= Vaccine shedding =

Viral shedding from a vaccine-induced infection

Vaccine shedding is a form of viral shedding which can occasionally occur following a viral infection caused by an attenuated (or "live virus") vaccine. Illness in others resulting from transmission through this type of viral shedding is rare. The idea of shedding is a popular anti-vaccination myth. However, most vaccines are not attenuated (live virus) vaccines, and therefore cannot cause vaccine-induced viral shedding.

The specific use of the term "vaccine shedding" has risen to public prominence through anti-vaccine activists linked to misinformation related to COVID-19, who erroneously claim that COVID-19 vaccination can cause individuals to shed coronavirus spike protein and affect menstruation and fertility in women exposed to them. However, the spike protein generated by vaccination does not shed, and there is no evidence to suggest that these vaccines cause menstruation and fertility problems. Vaccination also cannot cause shedding of the COVID-19 virus since none of the COVID-19 vaccines authorized for use by the FDA or the World Health Organization as of December 2021 are live-virus vaccines. Despite this, a COVID-19 "vaccine shedding" conspiracy theory has subsequently emerged, leading to vaccine hesitancy among some people.

Shedding is only possible with an attenuated vaccine. It is impossible with other vaccine technologies such as inactivated vaccine (killed-virus vaccines), viral vector vaccine, RNA vaccines (that contain no virus), or subunit vaccines (a vaccine technology using only isolated proteins of a virus).

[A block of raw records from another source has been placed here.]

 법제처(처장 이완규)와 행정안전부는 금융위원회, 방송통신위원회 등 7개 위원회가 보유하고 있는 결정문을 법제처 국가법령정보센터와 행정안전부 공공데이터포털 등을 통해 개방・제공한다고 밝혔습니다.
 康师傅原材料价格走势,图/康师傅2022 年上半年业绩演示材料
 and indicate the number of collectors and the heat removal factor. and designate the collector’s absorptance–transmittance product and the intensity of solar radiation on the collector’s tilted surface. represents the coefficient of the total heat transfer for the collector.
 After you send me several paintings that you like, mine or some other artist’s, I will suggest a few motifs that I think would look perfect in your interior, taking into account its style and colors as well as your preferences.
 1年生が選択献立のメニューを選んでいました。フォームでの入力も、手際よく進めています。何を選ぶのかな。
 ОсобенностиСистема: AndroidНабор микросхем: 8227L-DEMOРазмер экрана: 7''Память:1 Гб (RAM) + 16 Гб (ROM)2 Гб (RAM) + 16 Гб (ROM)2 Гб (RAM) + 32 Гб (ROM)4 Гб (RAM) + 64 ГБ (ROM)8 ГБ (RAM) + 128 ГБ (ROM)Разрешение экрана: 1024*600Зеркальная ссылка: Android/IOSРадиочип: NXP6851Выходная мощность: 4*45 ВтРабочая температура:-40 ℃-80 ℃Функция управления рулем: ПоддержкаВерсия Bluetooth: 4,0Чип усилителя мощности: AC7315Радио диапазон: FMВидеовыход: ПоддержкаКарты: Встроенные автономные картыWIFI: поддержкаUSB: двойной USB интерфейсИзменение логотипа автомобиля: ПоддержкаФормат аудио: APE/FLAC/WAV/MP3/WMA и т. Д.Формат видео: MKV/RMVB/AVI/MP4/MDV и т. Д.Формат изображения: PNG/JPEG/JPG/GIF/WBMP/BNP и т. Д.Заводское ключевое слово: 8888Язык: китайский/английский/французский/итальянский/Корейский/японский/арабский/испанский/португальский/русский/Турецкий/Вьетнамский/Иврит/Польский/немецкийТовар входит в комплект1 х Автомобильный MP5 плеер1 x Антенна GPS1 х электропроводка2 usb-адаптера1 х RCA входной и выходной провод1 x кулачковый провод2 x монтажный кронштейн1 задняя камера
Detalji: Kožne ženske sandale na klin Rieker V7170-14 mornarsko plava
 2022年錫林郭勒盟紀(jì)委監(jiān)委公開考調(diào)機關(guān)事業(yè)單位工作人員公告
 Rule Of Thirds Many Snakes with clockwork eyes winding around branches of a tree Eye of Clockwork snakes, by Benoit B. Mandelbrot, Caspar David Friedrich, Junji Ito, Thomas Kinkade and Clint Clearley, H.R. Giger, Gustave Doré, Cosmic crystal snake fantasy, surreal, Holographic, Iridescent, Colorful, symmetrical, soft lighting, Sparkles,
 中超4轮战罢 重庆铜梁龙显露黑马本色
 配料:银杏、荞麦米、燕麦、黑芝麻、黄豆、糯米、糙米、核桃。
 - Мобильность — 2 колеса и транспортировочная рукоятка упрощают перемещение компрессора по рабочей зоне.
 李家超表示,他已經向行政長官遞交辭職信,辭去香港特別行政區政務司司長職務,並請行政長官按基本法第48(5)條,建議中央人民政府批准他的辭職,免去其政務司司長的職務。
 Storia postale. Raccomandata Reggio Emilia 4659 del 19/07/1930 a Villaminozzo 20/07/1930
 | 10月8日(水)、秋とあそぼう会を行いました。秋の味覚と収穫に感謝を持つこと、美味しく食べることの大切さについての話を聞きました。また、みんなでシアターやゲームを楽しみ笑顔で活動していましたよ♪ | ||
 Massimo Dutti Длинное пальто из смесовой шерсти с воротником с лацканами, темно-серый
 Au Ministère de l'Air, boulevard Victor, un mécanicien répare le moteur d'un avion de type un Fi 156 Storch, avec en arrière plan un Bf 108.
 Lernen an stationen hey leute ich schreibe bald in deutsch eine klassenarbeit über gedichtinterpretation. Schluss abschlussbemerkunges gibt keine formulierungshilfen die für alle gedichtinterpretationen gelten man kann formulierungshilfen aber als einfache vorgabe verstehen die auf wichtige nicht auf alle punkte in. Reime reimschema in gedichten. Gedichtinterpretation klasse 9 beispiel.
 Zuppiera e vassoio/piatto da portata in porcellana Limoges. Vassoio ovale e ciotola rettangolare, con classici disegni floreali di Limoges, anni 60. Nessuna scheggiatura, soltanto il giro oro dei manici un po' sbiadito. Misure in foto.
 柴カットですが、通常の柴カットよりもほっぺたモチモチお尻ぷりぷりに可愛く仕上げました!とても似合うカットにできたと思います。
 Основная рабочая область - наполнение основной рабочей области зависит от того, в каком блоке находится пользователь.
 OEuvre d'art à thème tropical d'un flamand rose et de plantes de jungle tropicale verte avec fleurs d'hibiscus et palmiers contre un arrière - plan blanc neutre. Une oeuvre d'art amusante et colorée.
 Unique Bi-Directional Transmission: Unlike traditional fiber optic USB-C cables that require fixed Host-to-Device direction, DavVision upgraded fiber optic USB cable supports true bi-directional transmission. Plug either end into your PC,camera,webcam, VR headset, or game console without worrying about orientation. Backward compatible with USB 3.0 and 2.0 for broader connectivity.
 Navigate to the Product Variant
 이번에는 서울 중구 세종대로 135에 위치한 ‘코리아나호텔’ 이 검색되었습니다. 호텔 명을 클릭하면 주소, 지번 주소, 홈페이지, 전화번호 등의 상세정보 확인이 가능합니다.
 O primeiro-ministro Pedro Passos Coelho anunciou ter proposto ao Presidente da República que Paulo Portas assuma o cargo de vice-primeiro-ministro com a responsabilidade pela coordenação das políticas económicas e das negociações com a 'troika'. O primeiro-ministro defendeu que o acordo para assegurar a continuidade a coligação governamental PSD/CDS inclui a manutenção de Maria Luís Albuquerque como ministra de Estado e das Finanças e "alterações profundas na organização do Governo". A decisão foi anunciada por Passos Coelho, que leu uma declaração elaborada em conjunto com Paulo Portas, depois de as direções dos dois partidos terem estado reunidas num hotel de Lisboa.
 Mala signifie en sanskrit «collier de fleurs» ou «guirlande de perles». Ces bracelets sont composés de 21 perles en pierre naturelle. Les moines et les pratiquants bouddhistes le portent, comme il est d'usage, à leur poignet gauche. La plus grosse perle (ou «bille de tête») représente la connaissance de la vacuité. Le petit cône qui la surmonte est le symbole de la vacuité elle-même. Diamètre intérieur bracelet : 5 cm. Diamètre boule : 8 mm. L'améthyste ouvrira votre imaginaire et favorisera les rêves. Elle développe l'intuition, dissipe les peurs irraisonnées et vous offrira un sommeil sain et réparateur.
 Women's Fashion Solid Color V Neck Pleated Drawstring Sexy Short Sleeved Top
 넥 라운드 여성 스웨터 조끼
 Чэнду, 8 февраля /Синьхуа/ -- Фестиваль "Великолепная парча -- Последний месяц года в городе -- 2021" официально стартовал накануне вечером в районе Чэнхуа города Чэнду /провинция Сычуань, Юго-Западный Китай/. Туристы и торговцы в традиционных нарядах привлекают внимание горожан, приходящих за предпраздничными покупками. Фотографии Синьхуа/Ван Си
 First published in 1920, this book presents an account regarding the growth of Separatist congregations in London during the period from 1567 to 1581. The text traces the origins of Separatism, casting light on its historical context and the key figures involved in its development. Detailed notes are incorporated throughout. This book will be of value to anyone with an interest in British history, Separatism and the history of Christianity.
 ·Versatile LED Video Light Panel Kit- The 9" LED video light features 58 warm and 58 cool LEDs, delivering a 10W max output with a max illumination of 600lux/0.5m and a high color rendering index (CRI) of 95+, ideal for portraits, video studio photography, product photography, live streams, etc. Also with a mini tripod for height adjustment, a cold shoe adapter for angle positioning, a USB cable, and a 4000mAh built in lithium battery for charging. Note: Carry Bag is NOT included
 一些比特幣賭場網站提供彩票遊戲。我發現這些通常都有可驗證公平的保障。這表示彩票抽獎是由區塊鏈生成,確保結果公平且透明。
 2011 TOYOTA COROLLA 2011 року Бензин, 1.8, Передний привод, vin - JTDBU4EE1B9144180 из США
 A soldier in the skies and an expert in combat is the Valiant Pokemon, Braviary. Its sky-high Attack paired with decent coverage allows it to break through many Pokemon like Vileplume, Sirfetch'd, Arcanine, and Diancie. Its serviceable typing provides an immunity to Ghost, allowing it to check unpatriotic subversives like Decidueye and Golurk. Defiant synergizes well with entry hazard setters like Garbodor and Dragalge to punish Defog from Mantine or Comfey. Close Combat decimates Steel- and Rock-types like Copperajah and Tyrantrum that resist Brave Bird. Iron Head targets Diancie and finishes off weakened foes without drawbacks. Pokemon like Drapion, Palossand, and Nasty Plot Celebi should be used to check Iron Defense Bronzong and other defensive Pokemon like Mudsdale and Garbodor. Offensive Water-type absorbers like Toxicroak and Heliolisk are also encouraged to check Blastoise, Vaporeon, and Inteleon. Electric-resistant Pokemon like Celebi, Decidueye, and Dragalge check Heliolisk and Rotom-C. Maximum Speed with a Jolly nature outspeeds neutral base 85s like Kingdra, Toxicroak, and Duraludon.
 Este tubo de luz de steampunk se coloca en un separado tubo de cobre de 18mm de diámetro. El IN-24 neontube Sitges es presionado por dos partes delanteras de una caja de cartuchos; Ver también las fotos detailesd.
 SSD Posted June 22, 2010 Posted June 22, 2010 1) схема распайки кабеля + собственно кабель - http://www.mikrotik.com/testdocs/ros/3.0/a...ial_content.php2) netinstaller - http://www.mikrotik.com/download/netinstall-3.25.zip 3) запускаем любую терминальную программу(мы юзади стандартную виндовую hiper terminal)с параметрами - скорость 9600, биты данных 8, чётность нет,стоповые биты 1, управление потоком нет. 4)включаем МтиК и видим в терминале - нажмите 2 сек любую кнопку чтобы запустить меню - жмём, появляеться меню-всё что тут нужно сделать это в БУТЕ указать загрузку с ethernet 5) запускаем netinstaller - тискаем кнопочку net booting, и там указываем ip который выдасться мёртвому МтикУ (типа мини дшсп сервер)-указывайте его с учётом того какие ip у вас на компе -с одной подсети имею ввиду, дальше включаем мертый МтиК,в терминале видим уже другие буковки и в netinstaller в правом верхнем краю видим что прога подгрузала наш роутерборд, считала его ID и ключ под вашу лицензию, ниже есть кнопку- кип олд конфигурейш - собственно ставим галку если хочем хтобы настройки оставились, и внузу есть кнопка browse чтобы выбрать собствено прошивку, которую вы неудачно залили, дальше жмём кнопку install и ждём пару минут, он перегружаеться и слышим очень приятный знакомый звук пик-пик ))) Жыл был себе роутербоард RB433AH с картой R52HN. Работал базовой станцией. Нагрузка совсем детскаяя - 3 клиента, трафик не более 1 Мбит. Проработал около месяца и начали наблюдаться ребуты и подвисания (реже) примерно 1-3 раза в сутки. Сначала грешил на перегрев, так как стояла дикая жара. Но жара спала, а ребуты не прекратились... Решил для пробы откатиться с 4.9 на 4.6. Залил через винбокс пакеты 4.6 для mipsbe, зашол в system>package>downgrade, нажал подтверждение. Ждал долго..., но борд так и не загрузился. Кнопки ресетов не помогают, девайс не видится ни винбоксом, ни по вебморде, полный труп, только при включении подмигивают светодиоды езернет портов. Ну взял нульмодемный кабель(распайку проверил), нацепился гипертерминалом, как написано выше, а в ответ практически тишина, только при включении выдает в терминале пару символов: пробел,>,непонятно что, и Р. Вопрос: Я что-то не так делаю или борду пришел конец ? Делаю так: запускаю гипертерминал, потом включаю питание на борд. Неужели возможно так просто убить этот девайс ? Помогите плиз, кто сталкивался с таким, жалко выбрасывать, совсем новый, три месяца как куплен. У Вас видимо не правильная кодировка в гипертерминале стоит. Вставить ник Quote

Only a small number of vaccines use technology that contain live virus which can theoretically infect others.

With the exception of the oral polio vaccine (OPV), there have been no documented cases of vaccine-induced viral shedding that has infected contacts of a person vaccinated with an attenuated (live-virus) vaccine.

==Occurrences==
The only human vaccine to have caused any significant number of infections is the oral polio vaccine (OPV), which takes advantage of the contact immunity from shed vaccine virus to amplify the effectiveness of vaccination campaigns. However, under conditions of persistent circulation in undervaccinated populations, reversion mutations that reactivate the virus can give rise to disease-causing circulating vaccine-derived poliovirus (cVDPV) strains, and this vaccine is no longer used in developed countries. However, the OPV is still used in Asia and Africa, leading to a small number of vaccine-induced polio infections each year.

The route of infection is through contact with faeces, and some live vaccines, like the viruses they prevent, are shed in stool for up to 28 days. Normal hygiene is sufficient to prevent infection among healthy individuals, but immunocompromised individuals need to be especially diligent.

Other attenuated vaccines show no significant viral shedding, and inadvertent infection is rare. For example, only eleven cases of chickenpox transmission by vaccinated individuals have been documented out of approximately fifty million doses, and but a single documented case of influenza virus transmission, and that person remained asymptomatic.

The attenuated virus from vaccines is much weaker and less likely to infect than the wild virus.

In dogs, vaccine-induced viral shedding has been observed with live attenuated Canine parvovirus vaccines.

==Research==
Regulatory authorities in the US and EU recommend that shedding data should be collected both during the development phase and clinical trials of a relevant product, such as gene therapy. A full report on shedding must subsequently be included in the Biologics license application.

A study of 345 participants aged 5–49 years who received the live influenza virus vaccine LAIV3, and for whom shedding was assessed by viral culture of nasal swabs (daily for days 1–7 post vaccination, every other day for days9 through 25, and on day 28) indicated that 30 percent had detectable virus in nasal secretions obtained by nasal swabbing. In an open-label study of 200 children aged 6–59 months who received a single dose of LAIV3, shedding of low titers of at least one vaccine virus was detected on culture in 79 percent of children and was more common among the younger recipients. Serious illnesses have not been reported among unvaccinated persons infected inadvertently with vaccine viruses. The estimated probability of transmission of vaccine virus within a contact group with a single LAIV recipient in this population was 0.58 percent.